- _Your goal_
Copy down the listing below exactly. Do not include pictures.

- _Provided material_
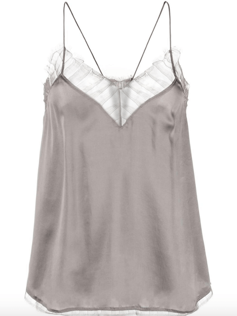 lace-trim cami silk top from IRO featuring grey, silk, lace trim and spaghetti straps.
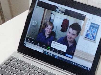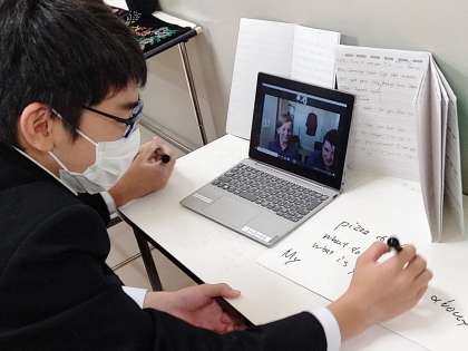 ニュージーランドの子どもたちと、簡単な英会話と筆談ボードでコミュニケーションをとっています。
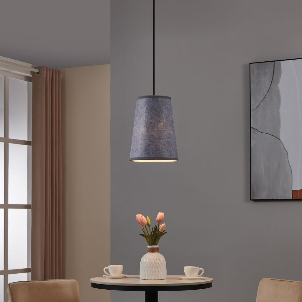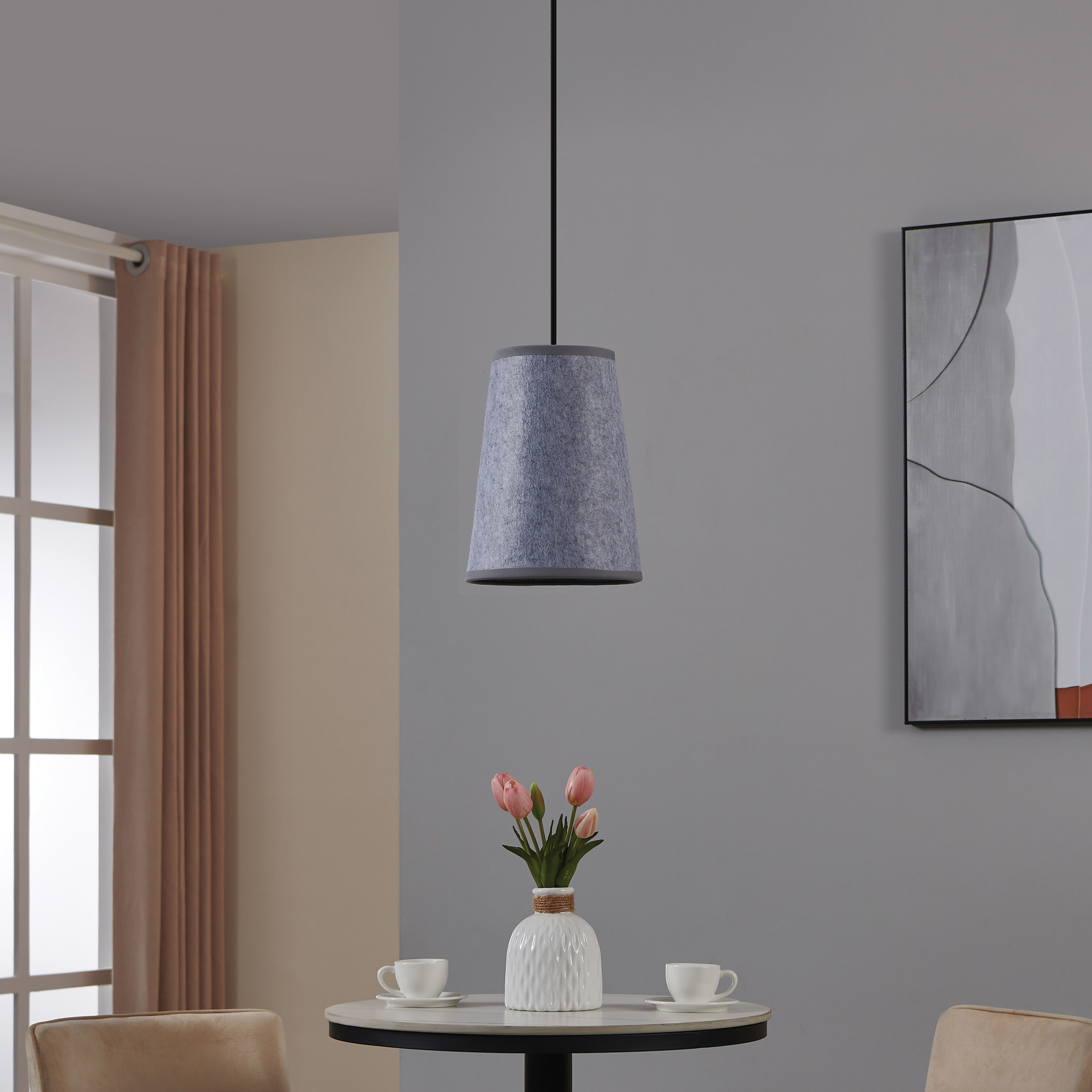 The Alsager single pendant lamp features a conical lampshade made of grey felt.

- _Response area_
 lace-trim cami silk top from IRO featuring grey, silk, lace trim and spaghetti straps.
 ニュージーランドの子どもたちと、簡単な英会話と筆談ボードでコミュニケーションをとっています。
 The Alsager single pendant lamp features a conical lampshade made of grey felt.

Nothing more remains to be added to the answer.